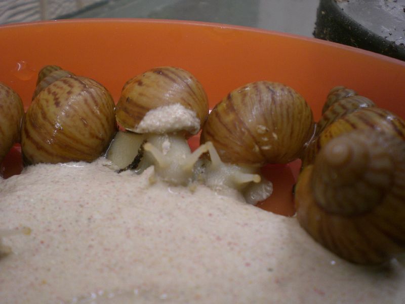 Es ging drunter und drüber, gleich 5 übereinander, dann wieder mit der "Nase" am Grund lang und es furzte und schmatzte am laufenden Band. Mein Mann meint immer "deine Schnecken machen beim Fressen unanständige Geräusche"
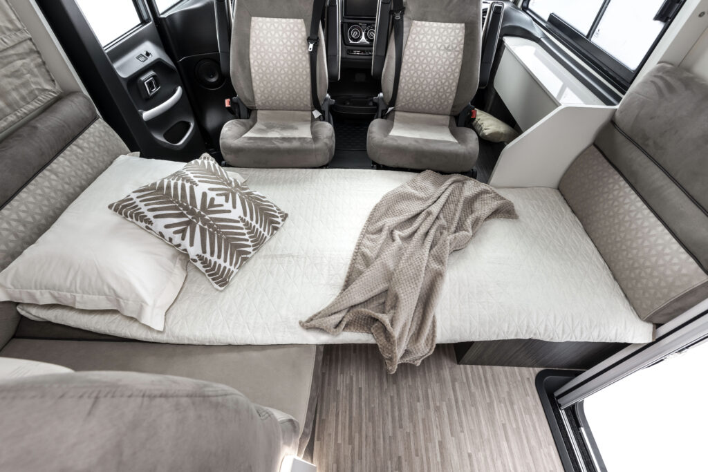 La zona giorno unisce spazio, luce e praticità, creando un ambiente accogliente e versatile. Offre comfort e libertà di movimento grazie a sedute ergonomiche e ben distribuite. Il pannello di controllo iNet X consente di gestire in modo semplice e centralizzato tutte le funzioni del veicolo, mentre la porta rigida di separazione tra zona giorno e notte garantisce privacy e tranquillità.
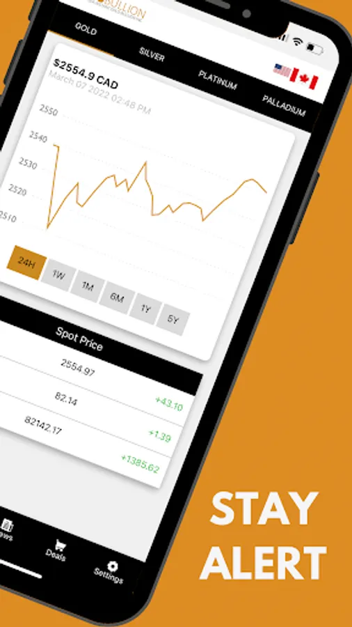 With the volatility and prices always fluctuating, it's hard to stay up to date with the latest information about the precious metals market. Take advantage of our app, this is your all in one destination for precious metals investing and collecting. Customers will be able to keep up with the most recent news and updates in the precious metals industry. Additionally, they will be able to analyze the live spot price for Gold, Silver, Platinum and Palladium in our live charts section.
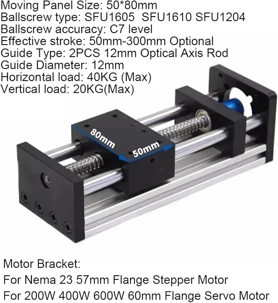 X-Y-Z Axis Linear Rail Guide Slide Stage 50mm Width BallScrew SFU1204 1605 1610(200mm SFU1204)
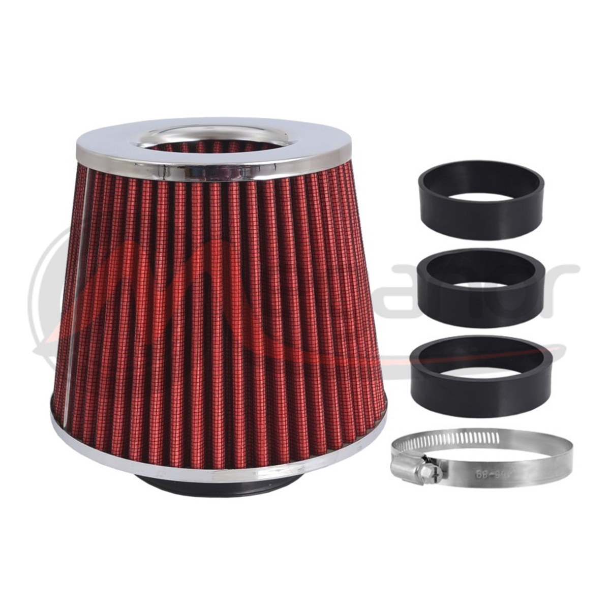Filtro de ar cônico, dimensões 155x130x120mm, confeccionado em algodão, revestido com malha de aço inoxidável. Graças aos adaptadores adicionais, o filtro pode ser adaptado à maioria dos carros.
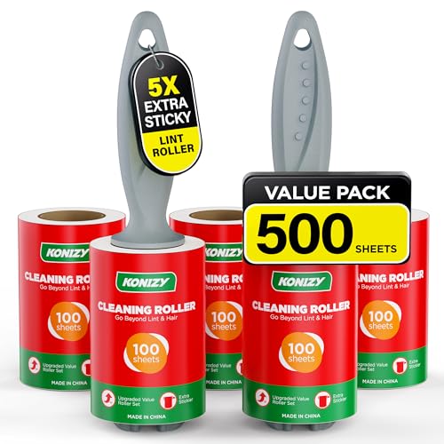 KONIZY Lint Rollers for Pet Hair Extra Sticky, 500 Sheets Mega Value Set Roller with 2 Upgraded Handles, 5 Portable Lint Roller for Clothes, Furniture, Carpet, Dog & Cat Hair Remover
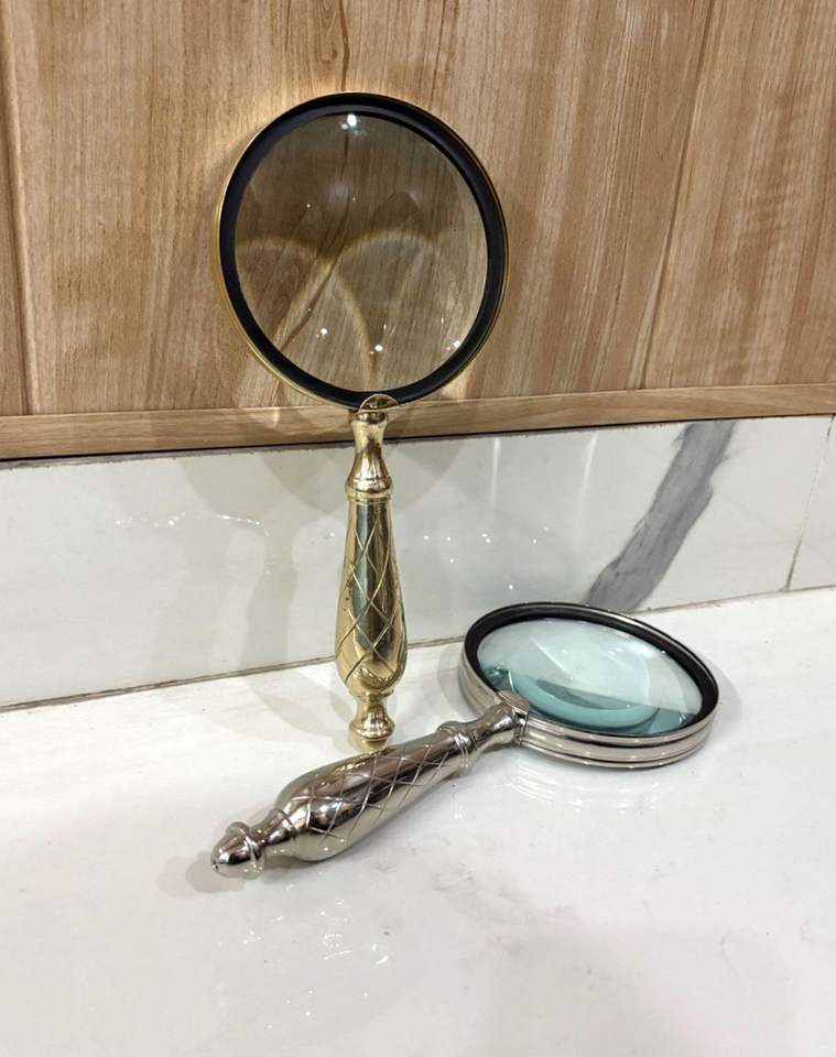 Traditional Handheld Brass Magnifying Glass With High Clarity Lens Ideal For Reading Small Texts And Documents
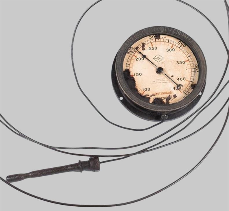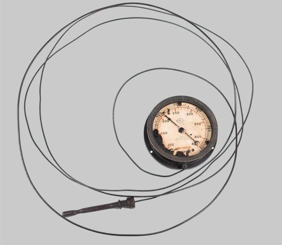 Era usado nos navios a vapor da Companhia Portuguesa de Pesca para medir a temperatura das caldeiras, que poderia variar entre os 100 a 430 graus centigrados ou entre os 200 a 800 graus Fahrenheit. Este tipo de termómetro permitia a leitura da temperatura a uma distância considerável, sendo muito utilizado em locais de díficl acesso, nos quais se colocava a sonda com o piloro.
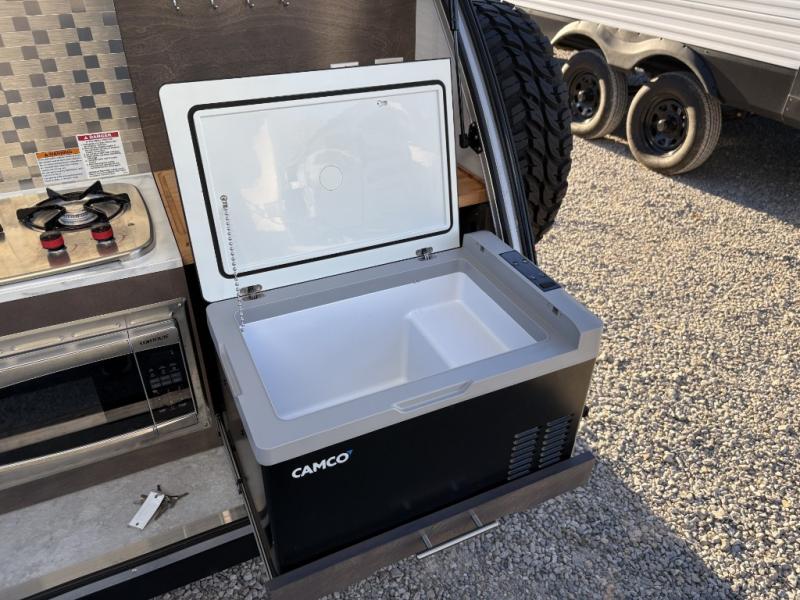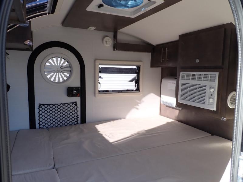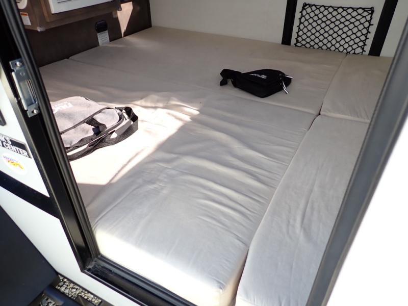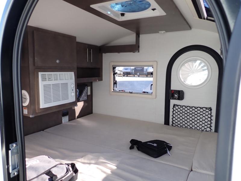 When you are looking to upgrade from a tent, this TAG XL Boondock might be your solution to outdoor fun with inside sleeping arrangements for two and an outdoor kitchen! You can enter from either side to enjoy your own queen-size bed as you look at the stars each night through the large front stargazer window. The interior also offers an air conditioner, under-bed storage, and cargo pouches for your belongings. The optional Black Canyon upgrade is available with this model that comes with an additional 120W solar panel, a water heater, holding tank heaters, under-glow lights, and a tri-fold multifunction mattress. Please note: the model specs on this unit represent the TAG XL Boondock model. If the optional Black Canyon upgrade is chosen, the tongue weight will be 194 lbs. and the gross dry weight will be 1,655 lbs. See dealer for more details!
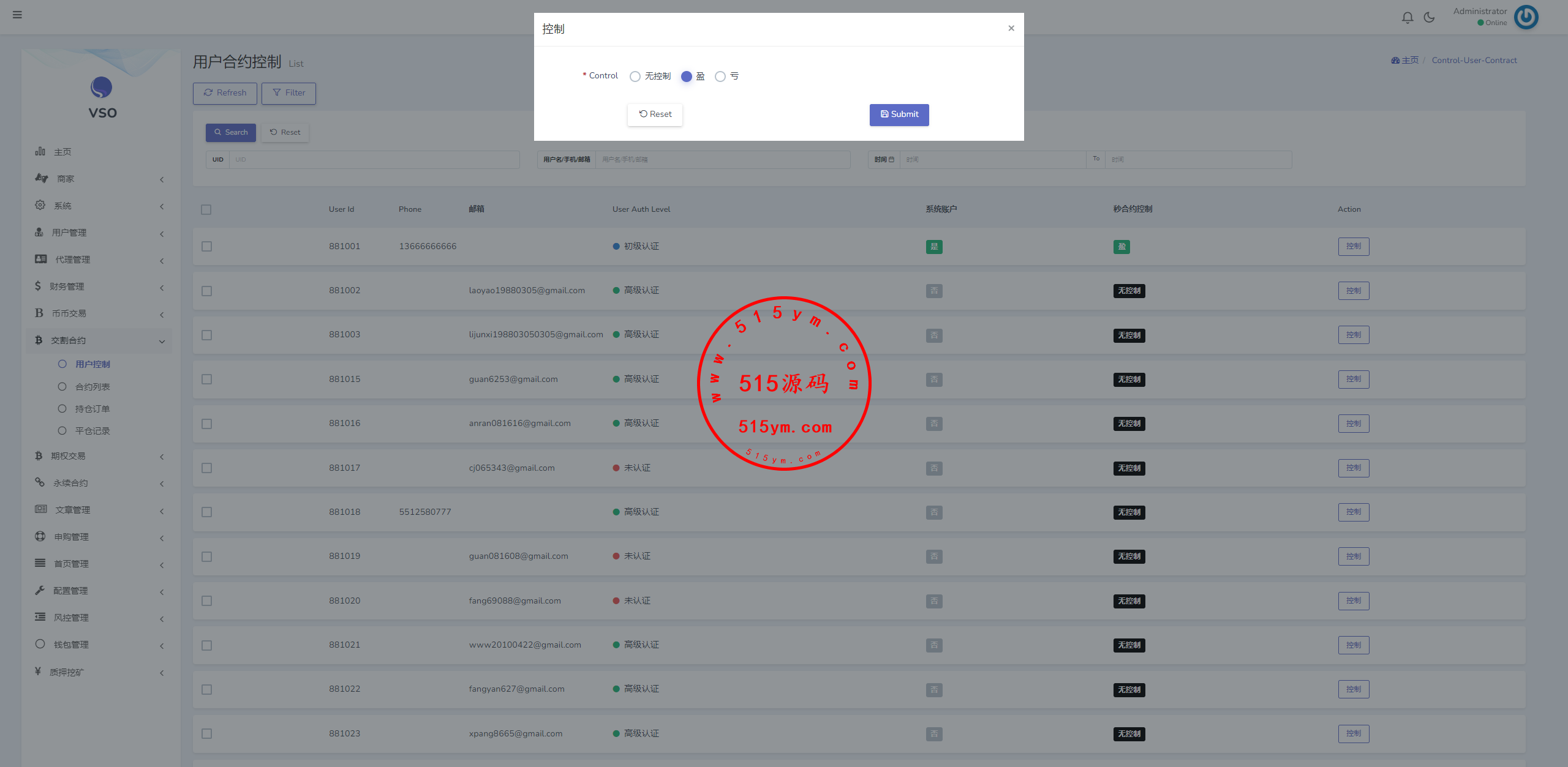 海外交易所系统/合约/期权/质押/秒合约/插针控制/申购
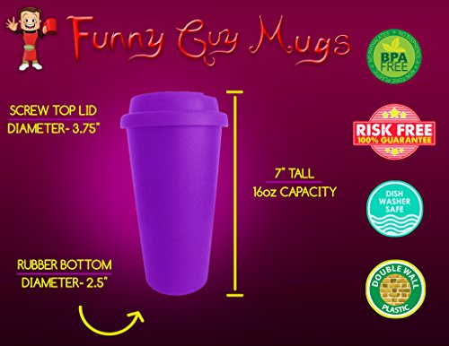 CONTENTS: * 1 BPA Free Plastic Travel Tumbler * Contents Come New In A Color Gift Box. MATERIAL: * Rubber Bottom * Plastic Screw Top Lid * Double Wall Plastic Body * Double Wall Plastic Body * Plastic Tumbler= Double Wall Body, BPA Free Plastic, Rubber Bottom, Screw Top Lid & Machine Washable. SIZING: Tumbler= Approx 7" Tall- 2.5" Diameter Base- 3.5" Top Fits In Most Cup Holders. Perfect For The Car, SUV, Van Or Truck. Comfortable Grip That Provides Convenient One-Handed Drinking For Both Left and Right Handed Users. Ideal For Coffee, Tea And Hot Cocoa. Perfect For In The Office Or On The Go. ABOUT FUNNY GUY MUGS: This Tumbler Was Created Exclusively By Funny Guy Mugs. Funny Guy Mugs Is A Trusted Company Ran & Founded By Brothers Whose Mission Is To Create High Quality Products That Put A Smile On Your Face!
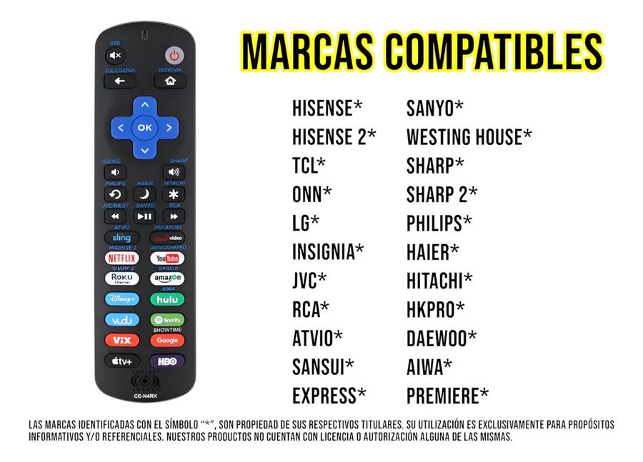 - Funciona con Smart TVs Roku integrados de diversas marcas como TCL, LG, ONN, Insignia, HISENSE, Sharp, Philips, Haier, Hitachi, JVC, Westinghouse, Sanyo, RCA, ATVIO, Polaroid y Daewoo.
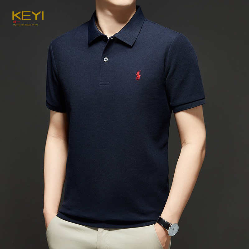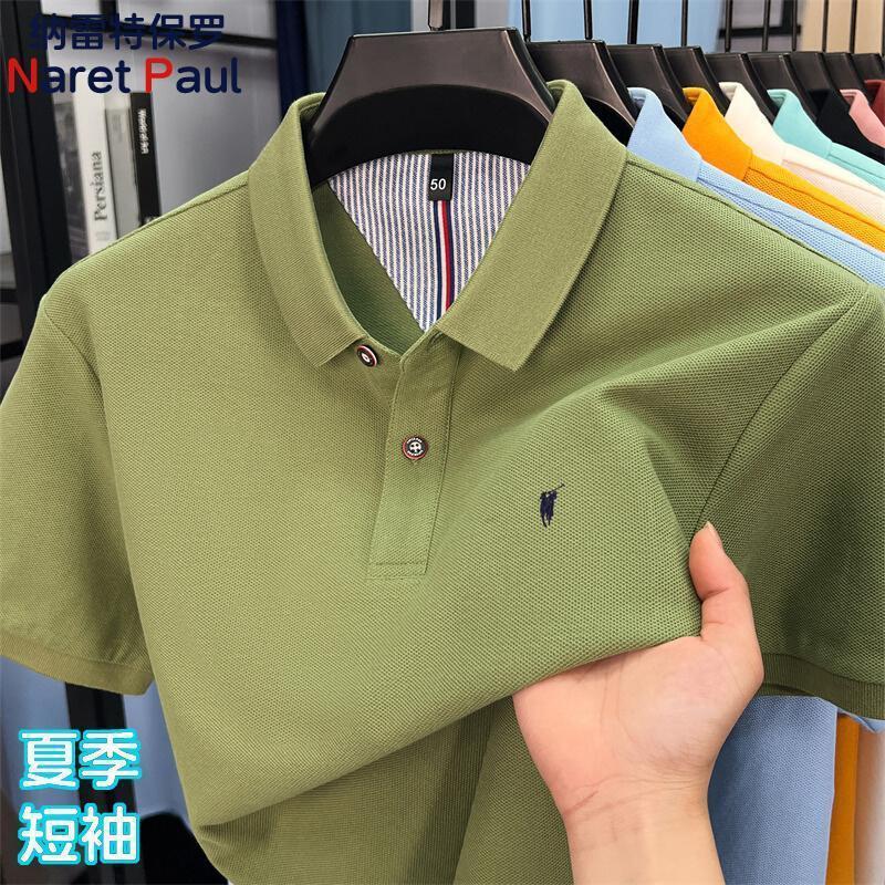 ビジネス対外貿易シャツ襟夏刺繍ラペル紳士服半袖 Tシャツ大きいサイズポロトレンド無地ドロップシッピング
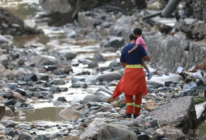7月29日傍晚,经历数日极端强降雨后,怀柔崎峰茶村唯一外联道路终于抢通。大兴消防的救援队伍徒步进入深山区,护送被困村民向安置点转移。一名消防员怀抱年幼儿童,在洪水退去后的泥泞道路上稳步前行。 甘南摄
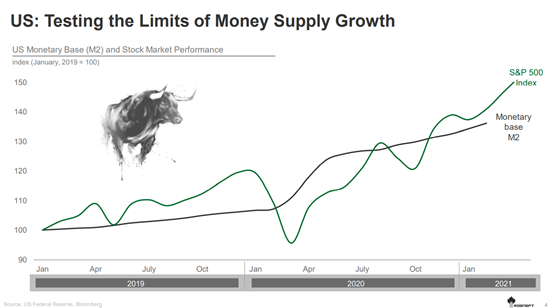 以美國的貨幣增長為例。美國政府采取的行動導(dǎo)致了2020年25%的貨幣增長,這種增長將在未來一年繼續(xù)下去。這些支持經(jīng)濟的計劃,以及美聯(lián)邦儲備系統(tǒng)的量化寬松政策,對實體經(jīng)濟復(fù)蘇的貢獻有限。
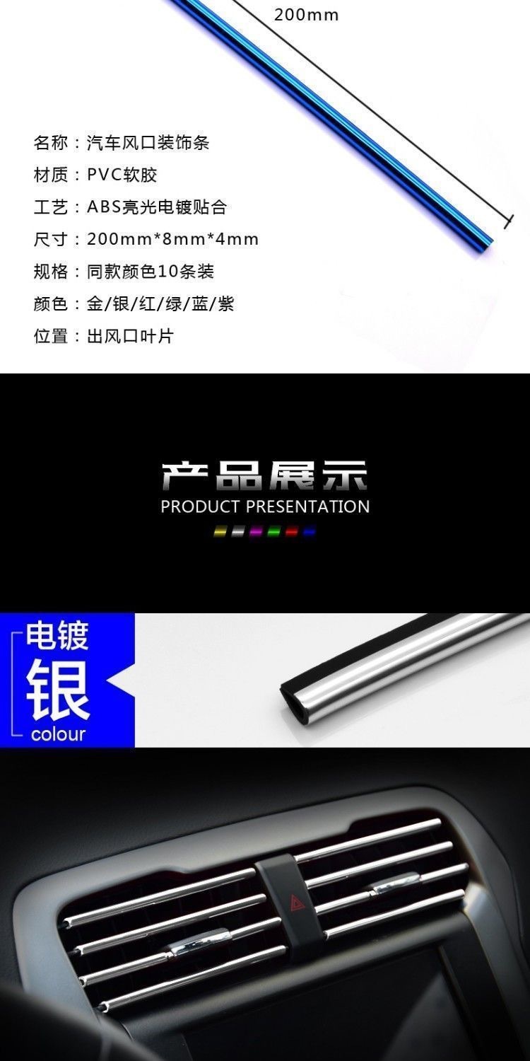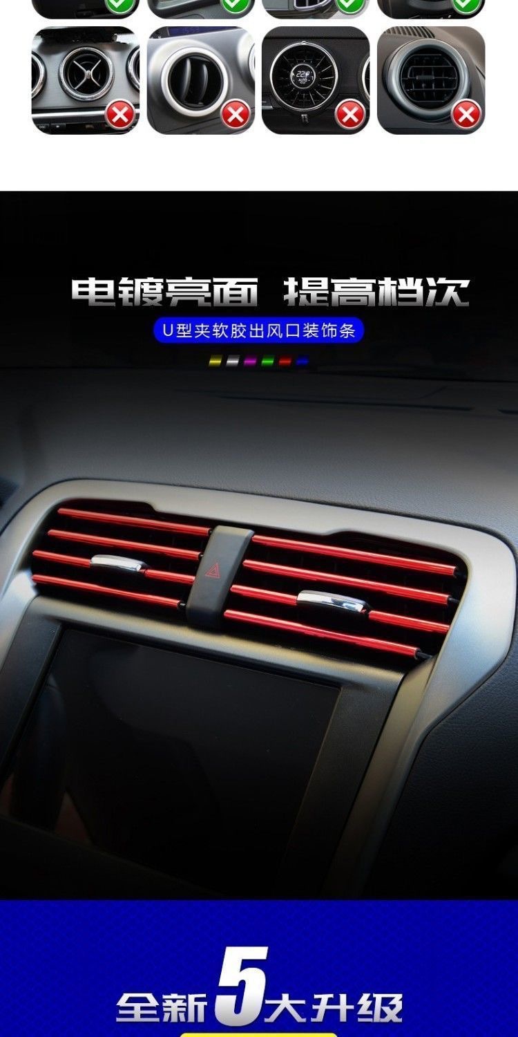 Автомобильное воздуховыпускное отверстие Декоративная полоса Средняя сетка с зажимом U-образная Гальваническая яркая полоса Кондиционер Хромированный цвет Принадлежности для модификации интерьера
****************************************
▶ **Exercise prompt**
Pictures are to be dropped, and the lines from the line with "7月29日傍晚,经历数日极端" through the end of the material above are to be reproduced exactly.

▶ **Answer space**
7月29日傍晚,经历数日极端强降雨后,怀柔崎峰茶村唯一外联道路终于抢通。大兴消防的救援队伍徒步进入深山区,护送被困村民向安置点转移。一名消防员怀抱年幼儿童,在洪水退去后的泥泞道路上稳步前行。 甘南摄
 以美國的貨幣增長為例。美國政府采取的行動導(dǎo)致了2020年25%的貨幣增長,這種增長將在未來一年繼續(xù)下去。這些支持經(jīng)濟的計劃,以及美聯(lián)邦儲備系統(tǒng)的量化寬松政策,對實體經(jīng)濟復(fù)蘇的貢獻有限。
 Автомобильное воздуховыпускное отверстие Декоративная полоса Средняя сетка с зажимом U-образная Гальваническая яркая полоса Кондиционер Хромированный цвет Принадлежности для модификации интерьера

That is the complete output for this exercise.